Clinical management and follow-up intervals in MR IMAGING BI-RADS 3 lesions

The results obtained in this systematic review and meta-analysis reveal some suggestions for the clinical management of MR imaging BI-RADS 3 lesions; a substantial rate, 12 of 58 (20.7%) malignant lesions that could be analysed in this respect, were diagnosed during the immediate work-up, including second-look ultrasound. These MR-directed ultrasound upgrades of MR imaging BI-RADS 3 [18, 21, 24] support the general application of MR-directed ultrasound in newly diagnosed MR imaging BI-RADS 3 lesions. The value of MR-directed ultrasound is underscored by a recent meta-analysis that reported a pooled discovery rate of malignant findings detected by MR imaging as high as 79% (95% CI 71-87%) [36]. The same publication revealed a pooled detection rate for benign lesions of 52% (95% CI 44-60%). As a result, a substantial rate of benign MR imaging BI-RADS 3 lesions may be identified and followed up by ultrasound [36].

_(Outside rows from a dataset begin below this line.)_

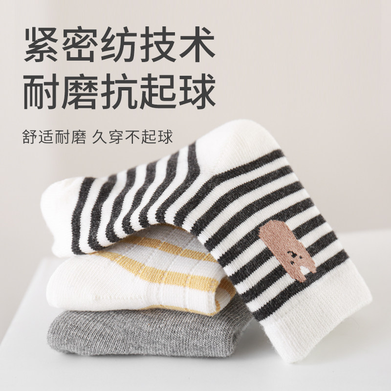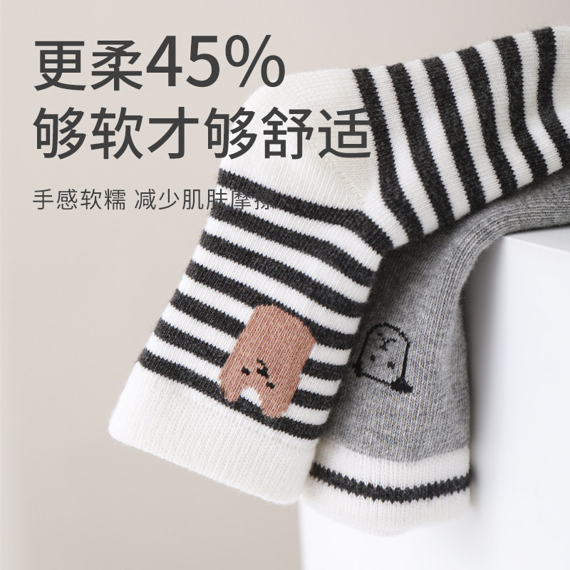 五朵棉宝宝袜子秋季A类婴幼儿棉袜秋冬男童松口不勒腿无骨中筒袜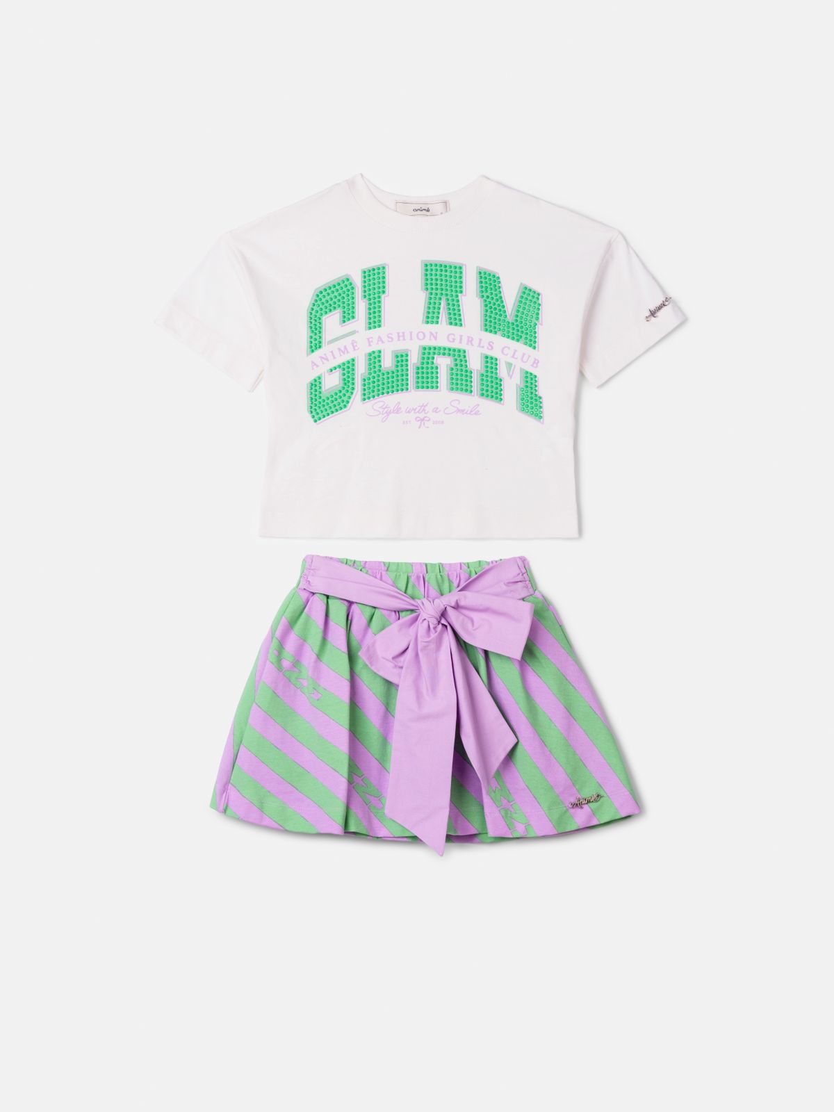 CONJUNTO GLAM COM LISTRAS E MAXI LAÇO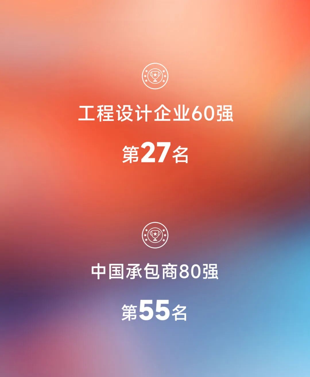 ENR是全球工程建设领域的权威学术杂志,其创办的ENR榜单排名在全球建筑业界颇具影响力,是国际承包工程业公认的、较为全面反映年度国际工程市场发展状况的权威排名。“工程设计企业60强”和“中国承包商80强”和“工程设计企业60强”榜单以企业营收为核心评价指标,同时着重考量项目履约能力、技术创新水平、绿色发展实践及社会责任关键要素,被誉为行业发展的“风向标”,深受海内外关注。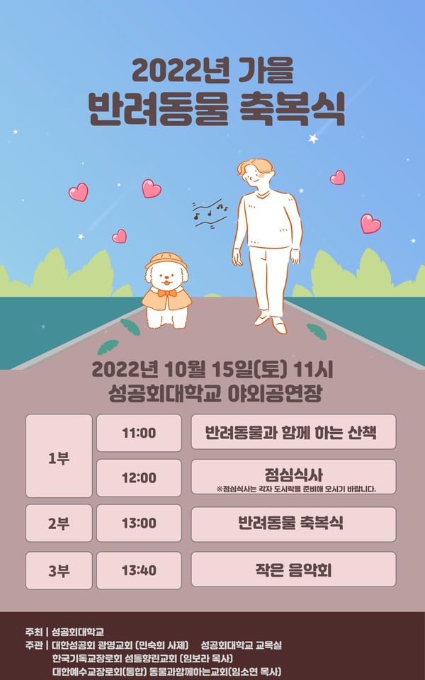 성공회대학교가 ‘2022년 가을 반려동물 축복식’을 오는 15일 오전 11시 성공회대 야외공연장에서 개최한다고 13일 밝혔다.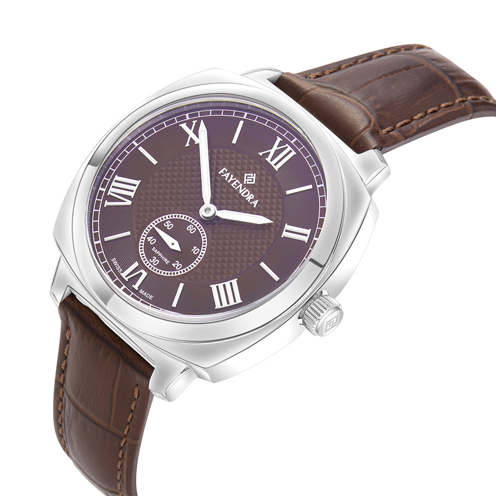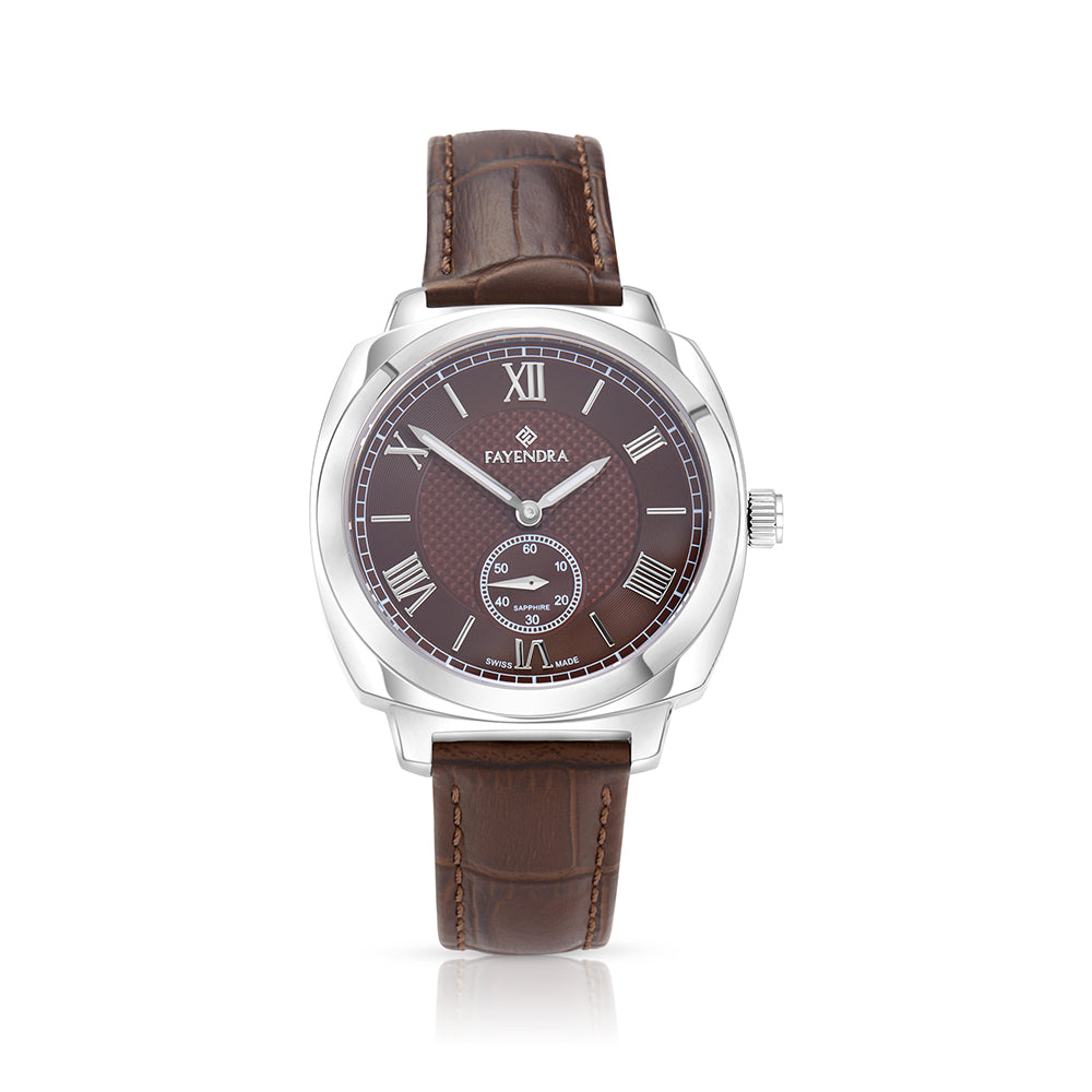 امنح إطلالتك لمسة من الفخامة الرجولية مع هذه الساعة الأنيقة من فايندرا , المصنوعة من ستانلس ستيل عيار L316 باللون الفضي المصقول. تعد هذه الساعة عصرية لتوافق السوار والمينا باللون ذاته وهو اللون البني فالسوار مصنوع من الجلد ليعطي ايحاء بالفخامة, تمتاز أيضا بمينا ذات ارقام رومانية فضية تضفي شعور الاناقة وتحتوي ايضا على دائرة لتميز الدقايق. تحميها طبقة زجاج من الزفير المقاوم للماء والخدوش والصدمات، لتقدّم لك ساعة تجمع بين الأداء الموثوق والفخامة التي ترافقك في كل ايامك . انتهز الفرصة واشتريها الان !

Of major interest are follow-up frequencies and intervals for MR imaging BI-RADS 3 lesions. The ACR BI-RADS recommends six-month intervals over a course of 24 months, an approach adapted from conventional imaging. While a reduced number of follow-up examinations are preferable in terms of cost-effectiveness and patient compliance, our results provide supporting evidence for the current BI-RADS instructions. This is because malignant lesions were diagnosed at all time points up to 24 months after the initial diagnosis, although no study provided dedicated data on lesion appearance during each six-month imaging follow-up, and, furthermore, most authors did not specify whether six-month intervals were performed in all patients or not. This results in a research gap where dedicated data might further corroborate or refute the necessity for six-month interval follow-up over 24 months.

In conclusion, our meta-analysis identified strongly heterogeneous prevalence of MRI BI-RADS 3 lesions while pooled malignancy rates in general met BI-RADS benchmarks (<2%). Malignancy rates varied according to lesion features, exceeding 2% in non-mass lesions. According to the lack of sufficient data, twenty-four-month surveillance is required to detect all malignant lesions.